Supplied material:

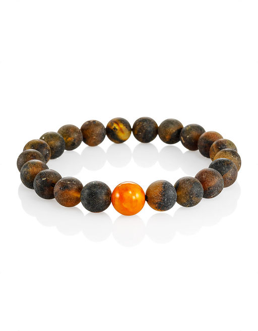 Браслет из формованных янтарных шаров, украшенный контрастной вставкой Куба
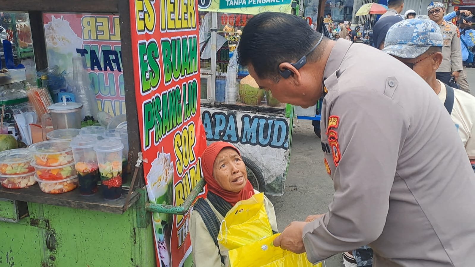 KABAG SDM POLRES SUMEDANG SERAHKAN SANTUNAN PADA KEGIATAN GERAKAN PANGAN MURAH
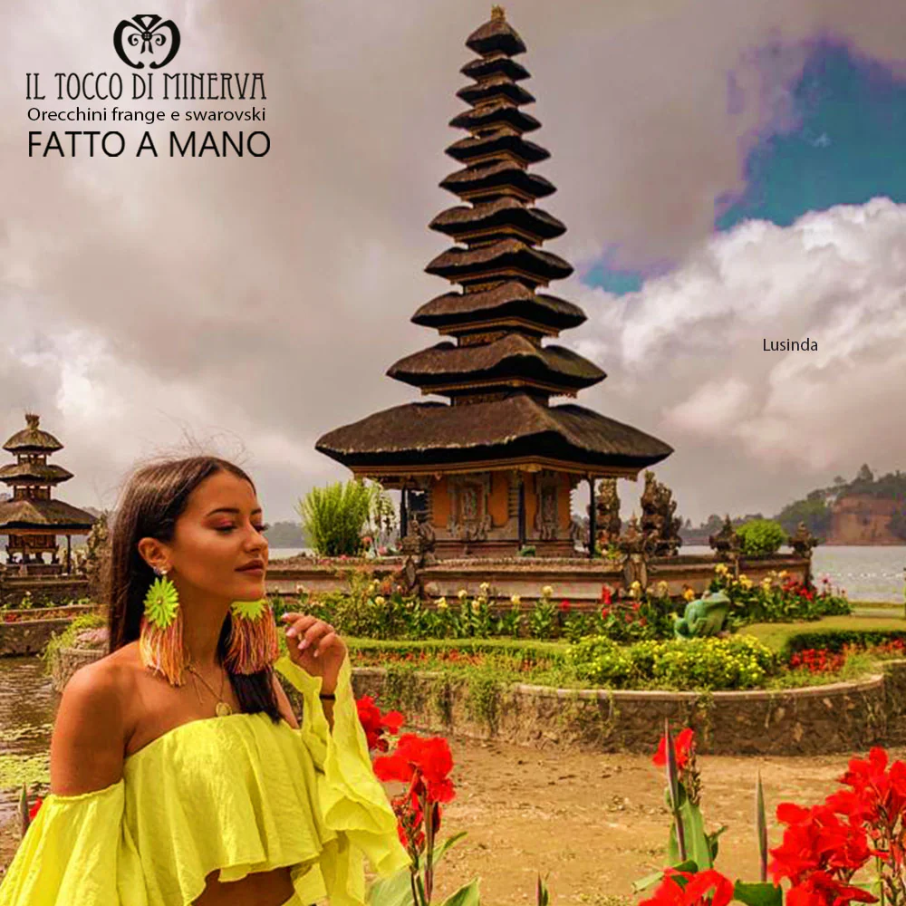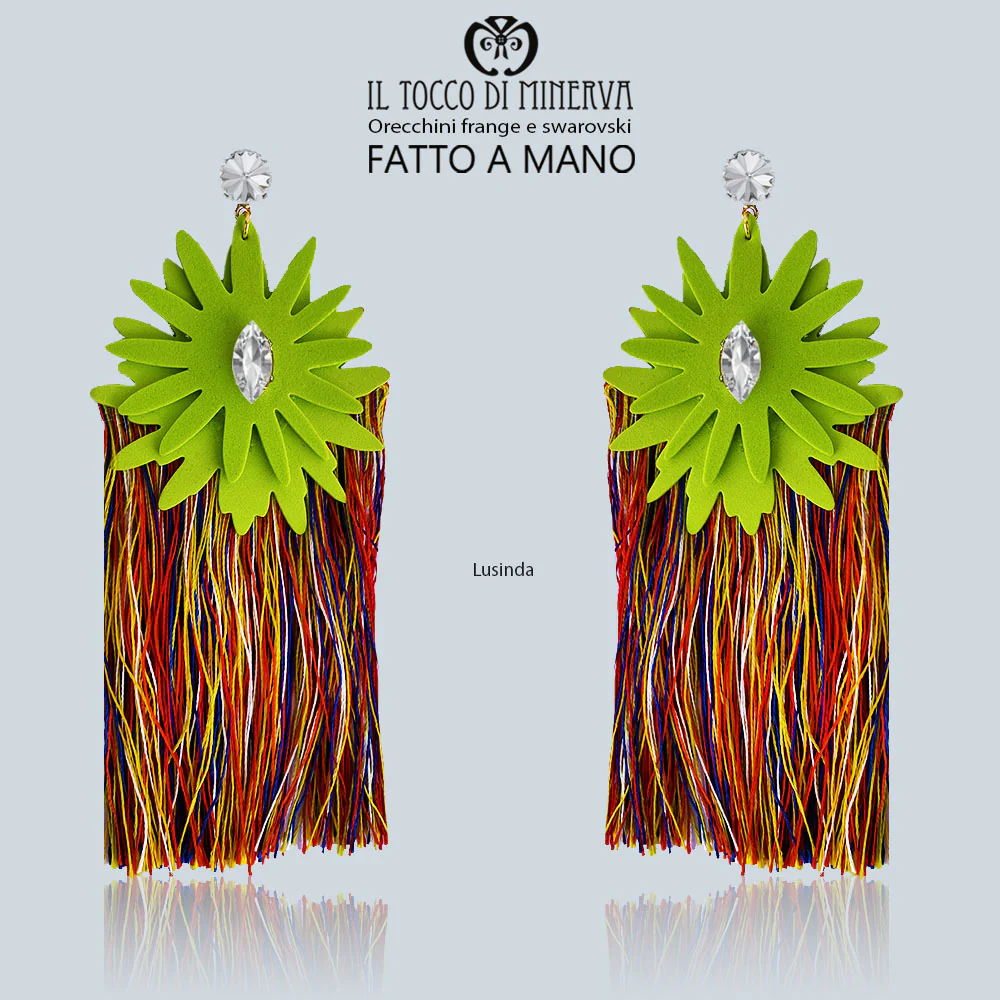 Orecchini realizzati a mano con frange multicolore e cristalli swarovski a lobo e al centro del fiore. Il fiore verde è possibile averlo di tutti i colori, previa comunicazione via mail o al momento dell’acquisto. L’orecchino Lusinda è alto 16 dal cristallo a lobo sino alla punta della frangia. E’ possibile averlo anche più corto.

Task statement: The entire listing above, minus its pictures, should be copied out exactly.

Answer for the task:
 Браслет из формованных янтарных шаров, украшенный контрастной вставкой Куба
 KABAG SDM POLRES SUMEDANG SERAHKAN SANTUNAN PADA KEGIATAN GERAKAN PANGAN MURAH
 Orecchini realizzati a mano con frange multicolore e cristalli swarovski a lobo e al centro del fiore. Il fiore verde è possibile averlo di tutti i colori, previa comunicazione via mail o al momento dell’acquisto. L’orecchino Lusinda è alto 16 dal cristallo a lobo sino alla punta della frangia. E’ possibile averlo anche più corto.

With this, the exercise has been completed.